▸ What you need to do:
Emit a verbatim copy of the lines below from the line with "Ingredients: Raspberry Yogurt" through the line with "Maple leaf round", excluding pictures and everything outside that range.

*** Given records ***

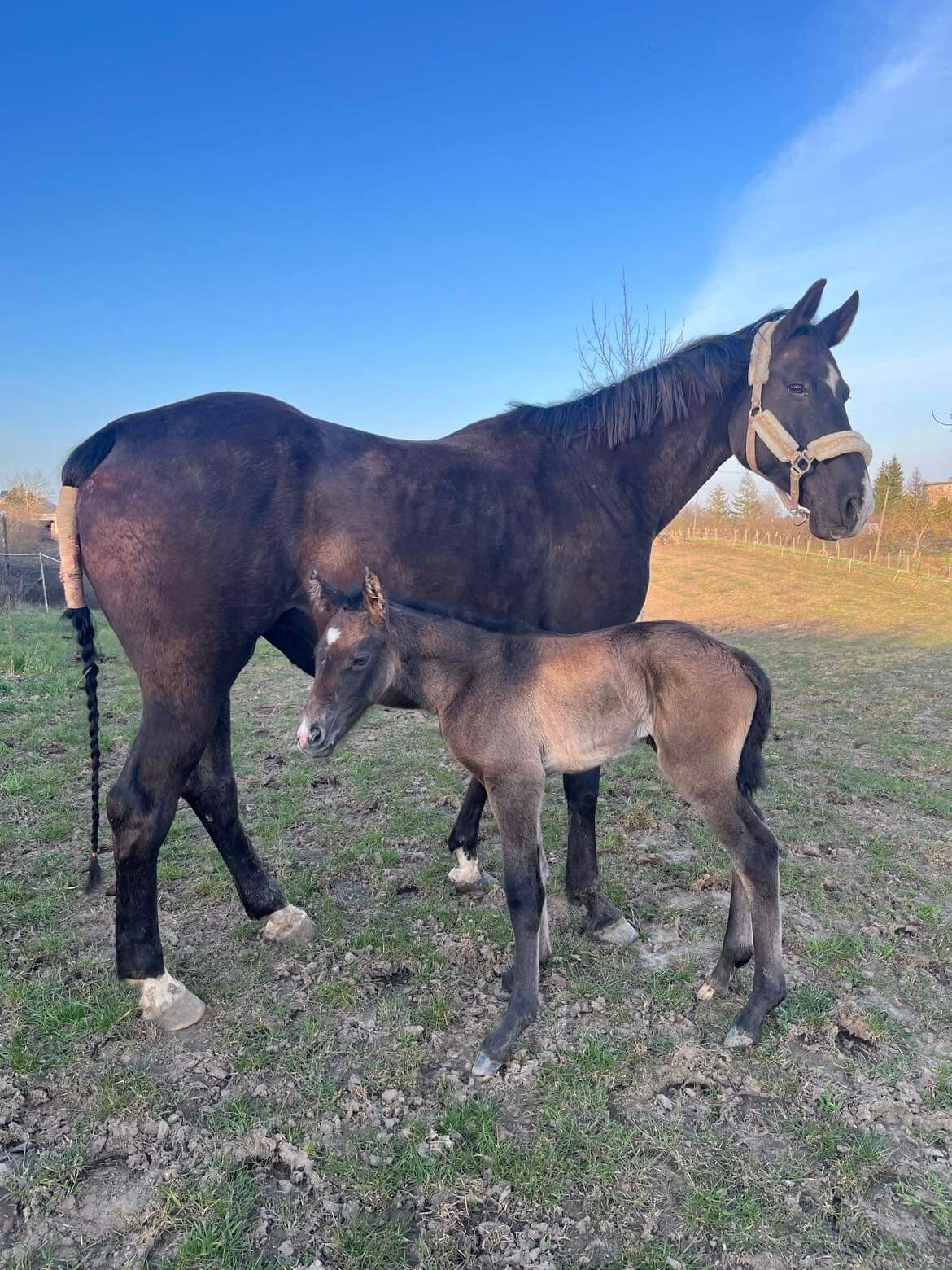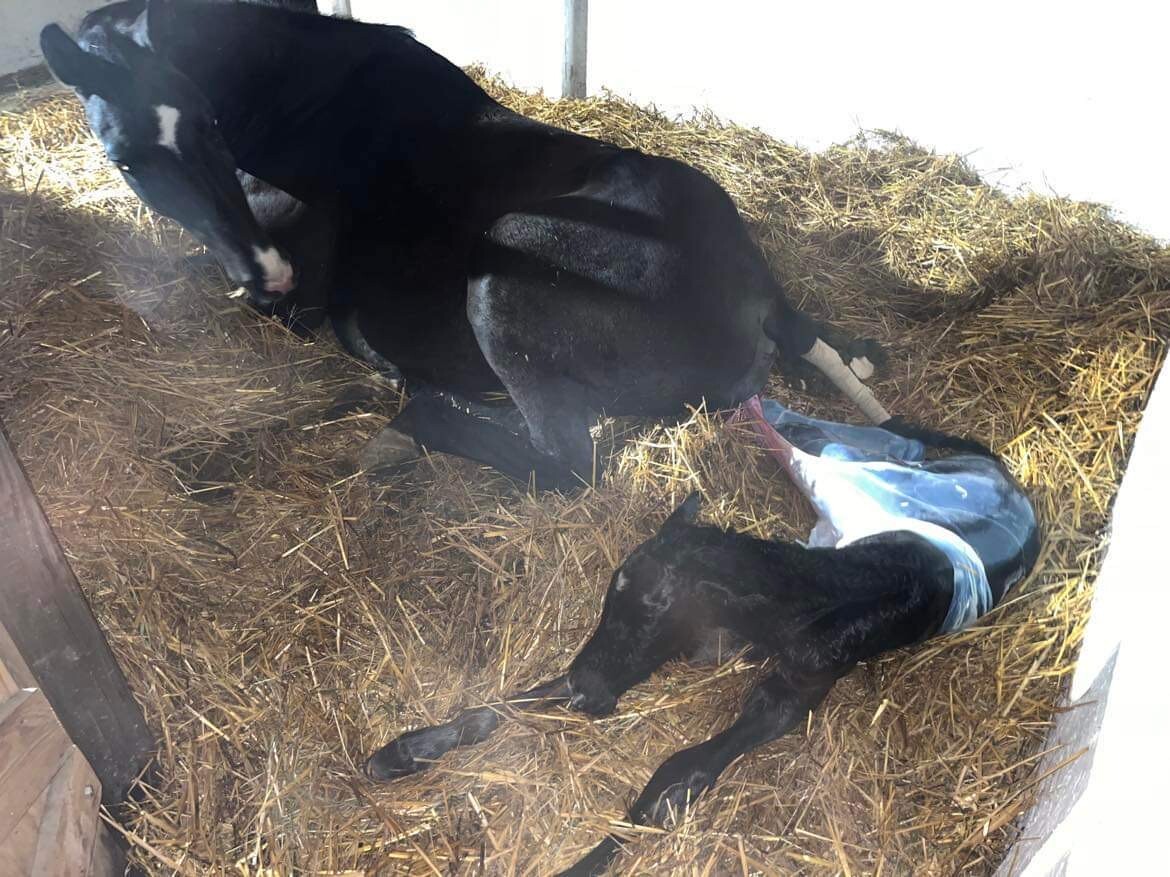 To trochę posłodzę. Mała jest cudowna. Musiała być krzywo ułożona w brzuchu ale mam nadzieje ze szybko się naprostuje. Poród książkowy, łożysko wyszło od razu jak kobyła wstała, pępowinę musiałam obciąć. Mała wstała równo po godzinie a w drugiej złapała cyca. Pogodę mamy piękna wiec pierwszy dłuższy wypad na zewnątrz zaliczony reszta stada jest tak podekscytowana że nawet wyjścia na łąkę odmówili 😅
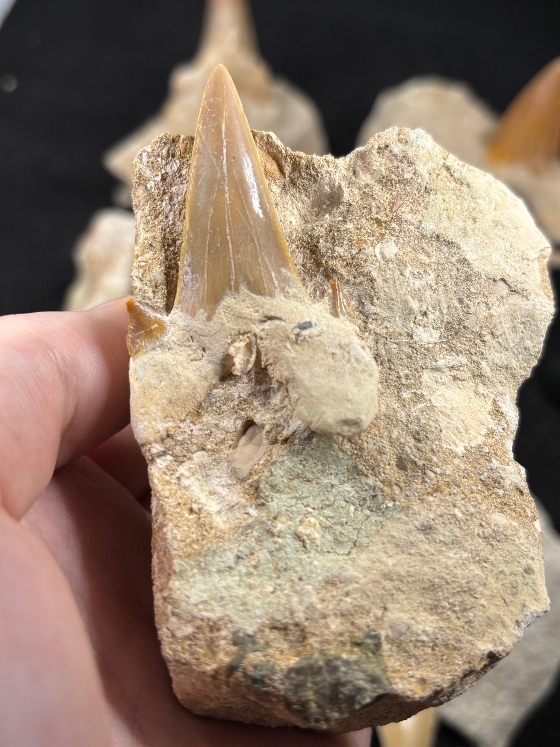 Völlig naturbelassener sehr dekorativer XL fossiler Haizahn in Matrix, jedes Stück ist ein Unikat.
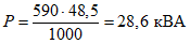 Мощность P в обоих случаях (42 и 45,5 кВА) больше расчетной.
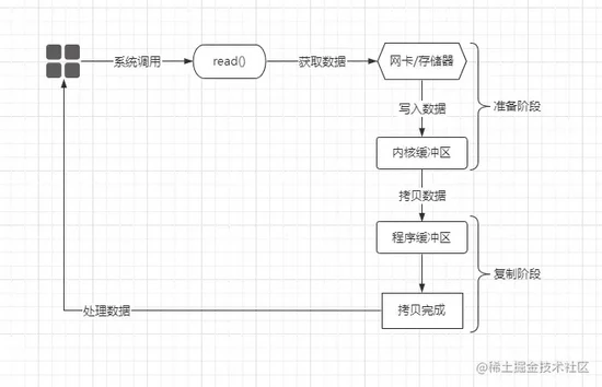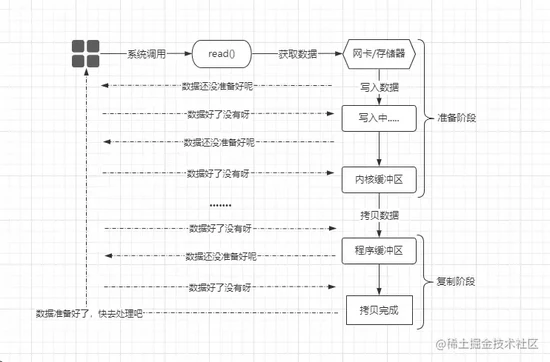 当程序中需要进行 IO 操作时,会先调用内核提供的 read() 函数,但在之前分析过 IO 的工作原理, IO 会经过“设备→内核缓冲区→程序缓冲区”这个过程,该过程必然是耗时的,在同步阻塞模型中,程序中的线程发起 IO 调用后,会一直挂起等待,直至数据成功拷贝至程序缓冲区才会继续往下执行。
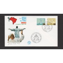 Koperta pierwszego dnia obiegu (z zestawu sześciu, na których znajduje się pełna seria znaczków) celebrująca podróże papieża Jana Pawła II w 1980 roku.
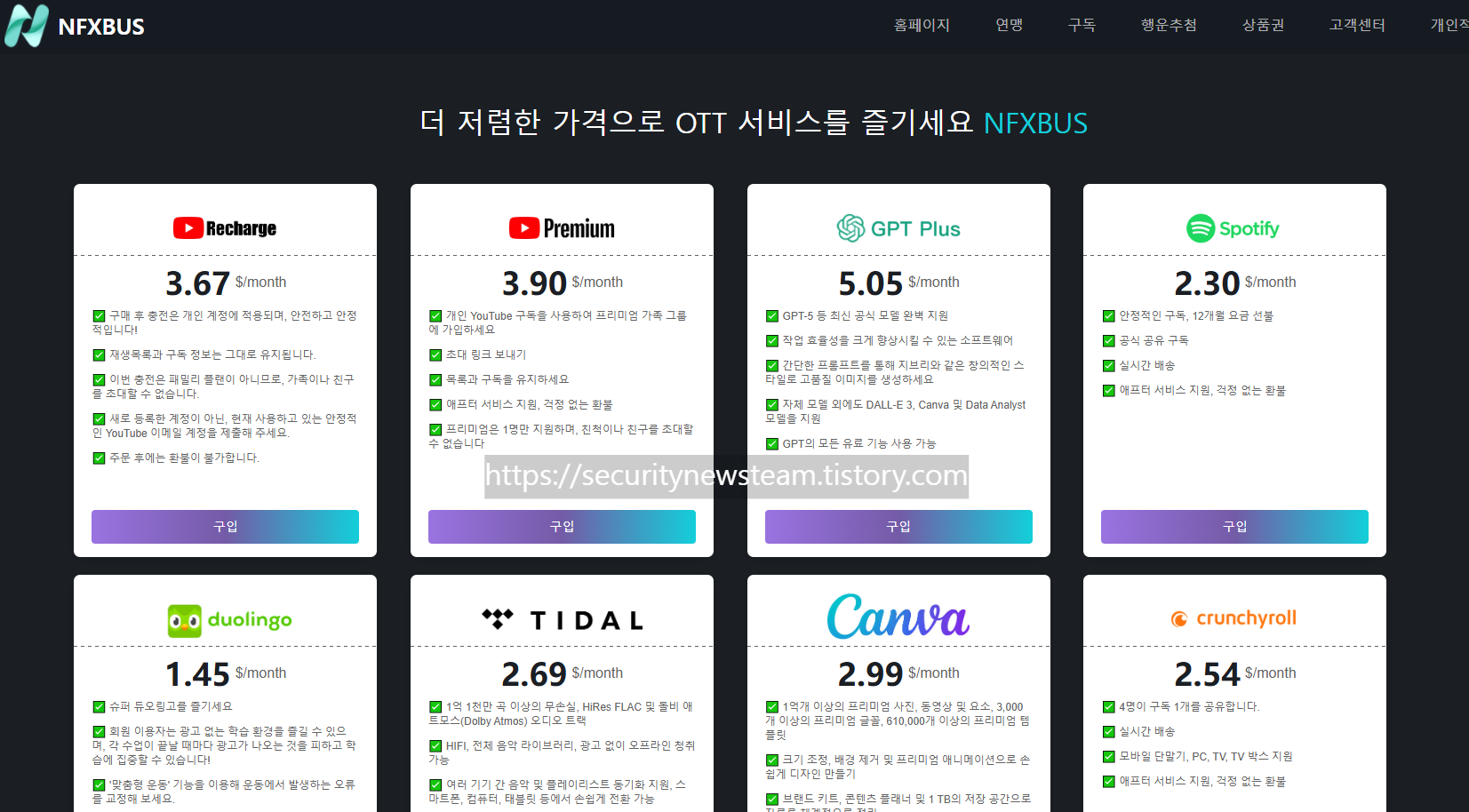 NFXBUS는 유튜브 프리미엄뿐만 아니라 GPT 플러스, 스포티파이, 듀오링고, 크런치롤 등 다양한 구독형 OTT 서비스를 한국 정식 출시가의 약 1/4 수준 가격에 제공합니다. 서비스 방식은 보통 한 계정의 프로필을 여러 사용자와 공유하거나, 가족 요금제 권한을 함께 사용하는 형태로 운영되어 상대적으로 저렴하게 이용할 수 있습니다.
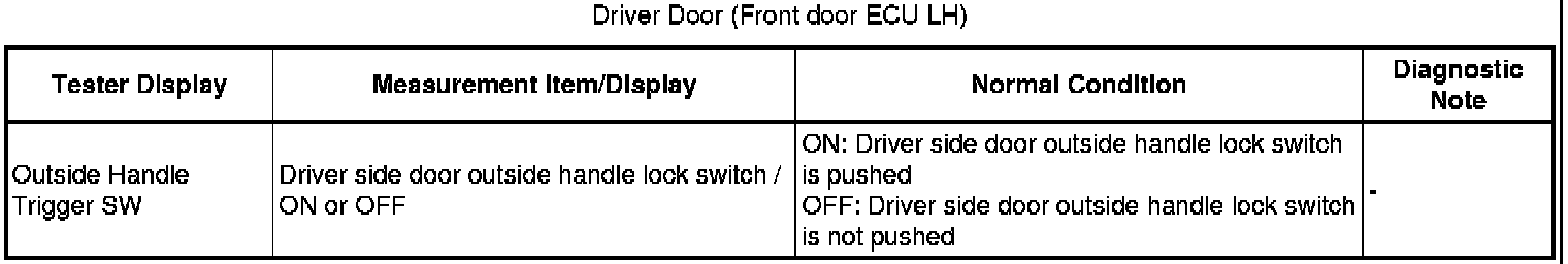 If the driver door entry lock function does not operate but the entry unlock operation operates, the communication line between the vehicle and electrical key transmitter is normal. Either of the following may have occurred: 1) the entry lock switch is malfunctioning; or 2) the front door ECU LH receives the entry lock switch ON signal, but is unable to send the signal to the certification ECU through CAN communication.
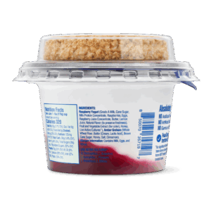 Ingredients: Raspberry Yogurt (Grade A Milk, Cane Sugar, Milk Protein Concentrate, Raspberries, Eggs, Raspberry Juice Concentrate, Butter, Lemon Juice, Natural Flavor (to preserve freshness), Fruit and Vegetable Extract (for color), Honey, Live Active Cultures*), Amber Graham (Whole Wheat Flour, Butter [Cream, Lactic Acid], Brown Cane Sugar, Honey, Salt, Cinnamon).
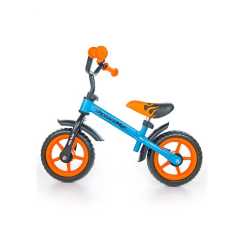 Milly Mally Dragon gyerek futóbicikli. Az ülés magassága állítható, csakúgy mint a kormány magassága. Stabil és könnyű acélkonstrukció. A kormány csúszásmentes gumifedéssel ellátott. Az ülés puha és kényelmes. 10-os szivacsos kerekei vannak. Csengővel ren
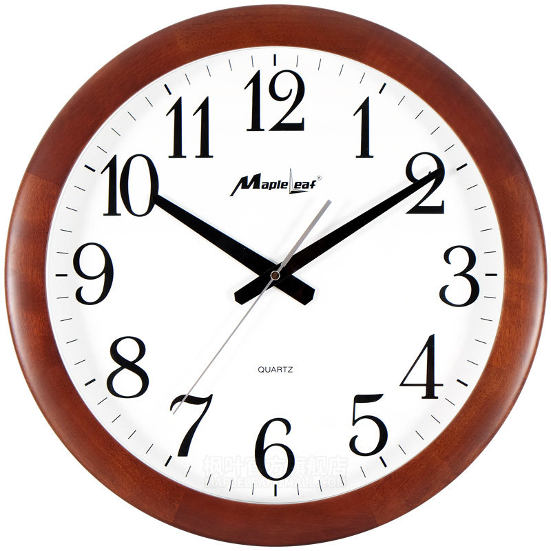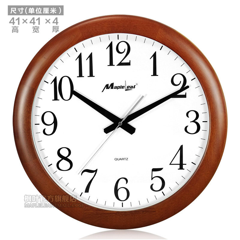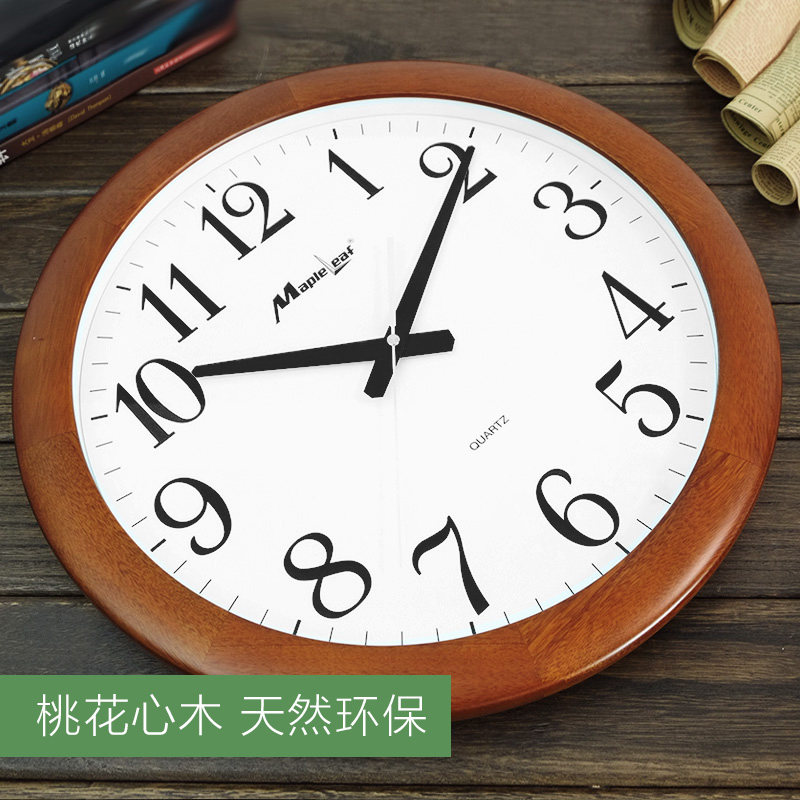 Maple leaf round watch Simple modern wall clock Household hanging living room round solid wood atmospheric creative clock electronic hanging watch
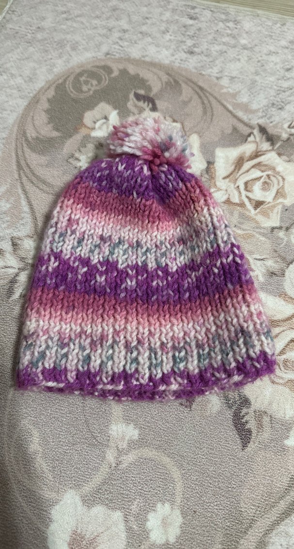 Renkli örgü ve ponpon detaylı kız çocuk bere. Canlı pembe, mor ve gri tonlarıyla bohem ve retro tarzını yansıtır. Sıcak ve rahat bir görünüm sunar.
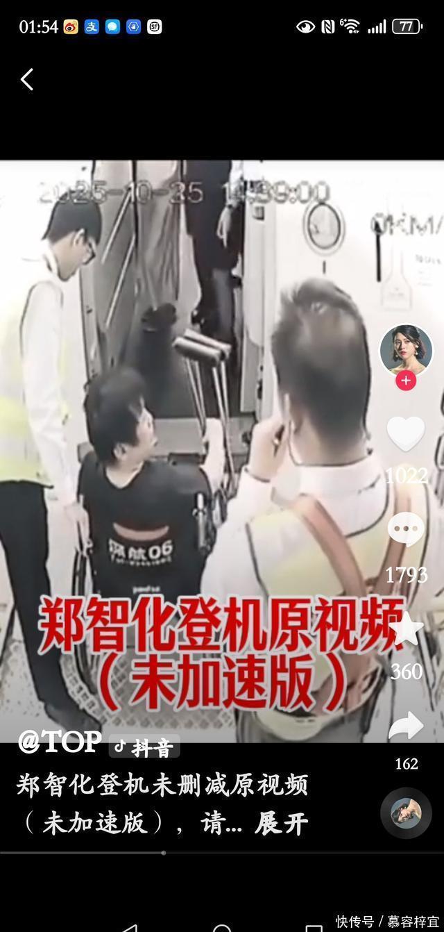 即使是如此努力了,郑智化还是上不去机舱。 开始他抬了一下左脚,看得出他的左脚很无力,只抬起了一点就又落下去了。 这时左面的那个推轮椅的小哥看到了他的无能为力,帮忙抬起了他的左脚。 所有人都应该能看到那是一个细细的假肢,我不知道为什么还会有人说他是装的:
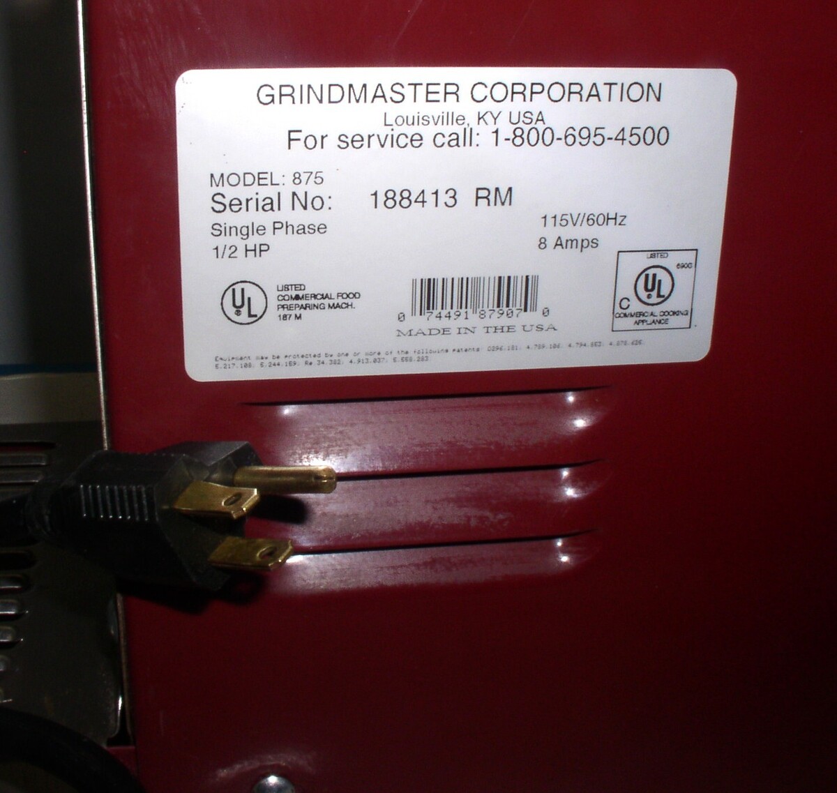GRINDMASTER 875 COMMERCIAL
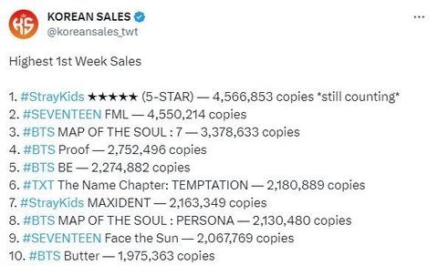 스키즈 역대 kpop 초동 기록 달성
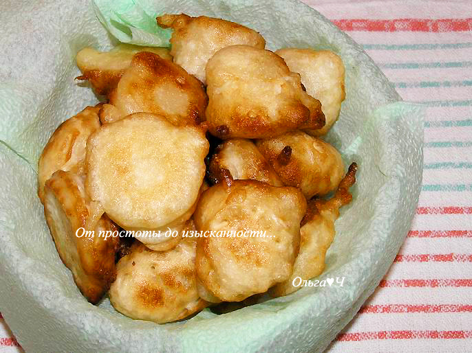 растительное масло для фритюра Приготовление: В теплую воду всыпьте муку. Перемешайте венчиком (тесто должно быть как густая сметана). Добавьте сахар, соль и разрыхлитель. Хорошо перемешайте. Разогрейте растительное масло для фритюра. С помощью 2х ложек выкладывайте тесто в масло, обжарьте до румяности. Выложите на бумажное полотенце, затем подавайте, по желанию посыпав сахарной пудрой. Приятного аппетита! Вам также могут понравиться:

*** End of Given records ***

▸ Worked solution:
 Ingredients: Raspberry Yogurt (Grade A Milk, Cane Sugar, Milk Protein Concentrate, Raspberries, Eggs, Raspberry Juice Concentrate, Butter, Lemon Juice, Natural Flavor (to preserve freshness), Fruit and Vegetable Extract (for color), Honey, Live Active Cultures*), Amber Graham (Whole Wheat Flour, Butter [Cream, Lactic Acid], Brown Cane Sugar, Honey, Salt, Cinnamon).
 Milly Mally Dragon gyerek futóbicikli. Az ülés magassága állítható, csakúgy mint a kormány magassága. Stabil és könnyű acélkonstrukció. A kormány csúszásmentes gumifedéssel ellátott. Az ülés puha és kényelmes. 10-os szivacsos kerekei vannak. Csengővel ren
 Maple leaf round watch Simple modern wall clock Household hanging living room round solid wood atmospheric creative clock electronic hanging watch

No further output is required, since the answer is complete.